Сейчас вспоминаю, как появился в Кремле в 94-м, после четвертой операции на ахилле — в гипсе, на костылях. Представляешь? Передвигаться почти не мог. Жизнь, правда, вел бурную. Каждый день 20 встреч, 50 звонков...

— Правда, что два года вы жили фактически в изгнании — ездили по зарубежным турнирам, в то время как на вас в буквальном смысле охотились и люди даже боялись покупать дачу рядом с вашим участком?

— Правда. Я многим мешал. Ельцин звал меня в Кремль дважды, я отказывался. Принципиально не хотел в политику. Согласился, только когда президент пообещал “постоянный доступ к телу”. Этим и нажил себе кучу “друзей”, которые боялись, как бы я не сказал лишнего, и мечтали от меня избавиться. А когда Ельцин лежал с инфарктом (тогда его активно оберегали от внешнего общения), на меня грамотно свалили пропажу денег, якобы загадочно исчезнувших из Национального фонда спорта...

— Так ведь вас на тот момент в фонде уже давно не было?

— Неважно, создавал-то его я.

— Скажите, если вас реально хотели убрать, почему не сделали этого? За два года можно любого человека достать...

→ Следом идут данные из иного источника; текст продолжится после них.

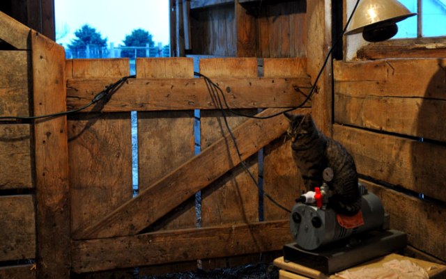 L’il Puss The Scrapper’s bottom is kept comfy. He has very generously offered to keep the pump warm for me after the milking. He is good like that.

— Бог помогал, я ведь был прав. Я всегда опережал врагов на несколько шагов.

— Инстинкт самосохранения?

— В детстве я много дрался. Был не слишком сильный, но очень верткий. И очень худой — в любую дырку в заборе мог просочиться.

—Как тот политик: “Мне зонтика не надо, пройду между струй”?

— Может быть. А по поводу инстинкта — помню, мне был 21 год. Приехали с командой в Тбилиси, на чемпионат СССР. И у кого-то из наших украли куртку. Я погнался за вором, а он полоснул меня ножом. Рубашку порвал, а живота даже не коснулся — у меня реакция хорошая, увернулся. В тот же день я уехал из гостиницы, где мы жили. Чутье подсказало. И точно: вечером местная шпана пришла туда — меня добивать...

— Вам никогда не было страшно, что интуиция обманет и не успеете вовремя скрыться?

— Скрываться не в моем характере. Говорю же: я как шахматист. Умею просчитывать ходы. Но не буду лукавить — состояние не из приятных.

Назад в будущее

С Ельциным Шамиль Тарпищев познакомился на пляже, невзначай.

— Мы в футбол играли. Потом, для разнообразия, я предложил партиечку в теннис. Борис Николаевич, нахмурившись, проворчал: “Я же не умею...” Но, подумав, согласился.

— И вы сразу проиграли — из дипломатических соображений?

— Так мы в паре играли. Против старшего тренера сборной Леонюка и артиста Михаила Задорнова.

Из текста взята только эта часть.